Maureen suddenly held out a flask. “Here. You might need this.”

“Why would I—”

“Trust me.”

Still frowning, she took the flask but didn’t open it.

Then, like clockwork, the door beside the stage opened and Ethan stepped in, closely followed by the other four members of his team.

Her fingers tightened on the flask.

“Shit.”

Maggie barely registered Polly’s curse. She was too focused on him.

Out there on the street, she’d tried not to stare.

Now, she could see everything.

His beautiful green eyes, which had always reminded her of that moss on the bottom of shallow water. The way his gray shirt stretched over his broad chest. And his lips… God, his lips. They’d always been beautiful. Wide and soft and so incredibly kissable.

Her belly flopped.

He looked at her, and she knew that had she been standing, she would have caved to the floor. That’s what one glance from Ethan Moore did to her. What it had always done.

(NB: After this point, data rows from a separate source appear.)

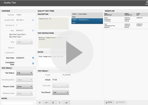 • Quality Test Dispositions — define the current status of the Quality Test and the item being tested, and whether the item is in testing, released for further use, or has failed a test and requires the user to scrap, quarantine or rework the item; appropriate notifications of non-compliance are automatically routed to key stakeholders
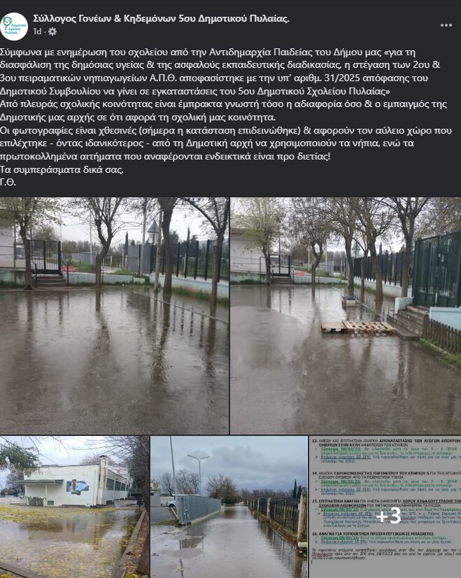 Με αφορμή την κακοκαιρία των τελευταίων ημερών, ο Σύλλογος Γονέων και Κηδεμόνων του 5ου Δημοτικού Σχολείου Πυλαίας, προχώρησε σε μία καταγγελία, που αφορά και την ειλημμένη απόφαση συστέγασης στο ίδιο κτίριο δύο Πειραματικών Νηπιαγωγείων του ΑΠΘ, του 2ου και του 3ου.
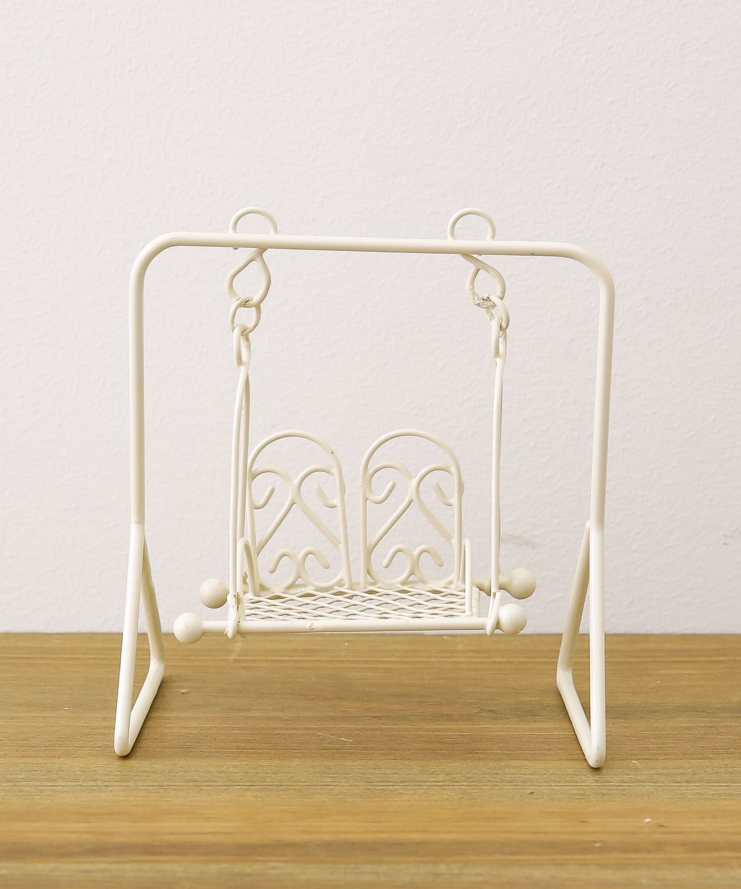 お庭に置いているようなホワイトワイヤーデザインのブランコのオブジェ。

The mayor continued to talk, but she barely heard a thing he said. At least until Polly shifted forward on her seat and called out, “What did you say?”

The mayor cleared his throat. “I said, that due to the recent missing people and the increased crime in our town over the last few years, Ethan Moore and his team will be forming an elite search and rescue team to get this town safe again.”

Maggie’s jaw dropped, and she looked back at Ethan to see his eyes directly on her.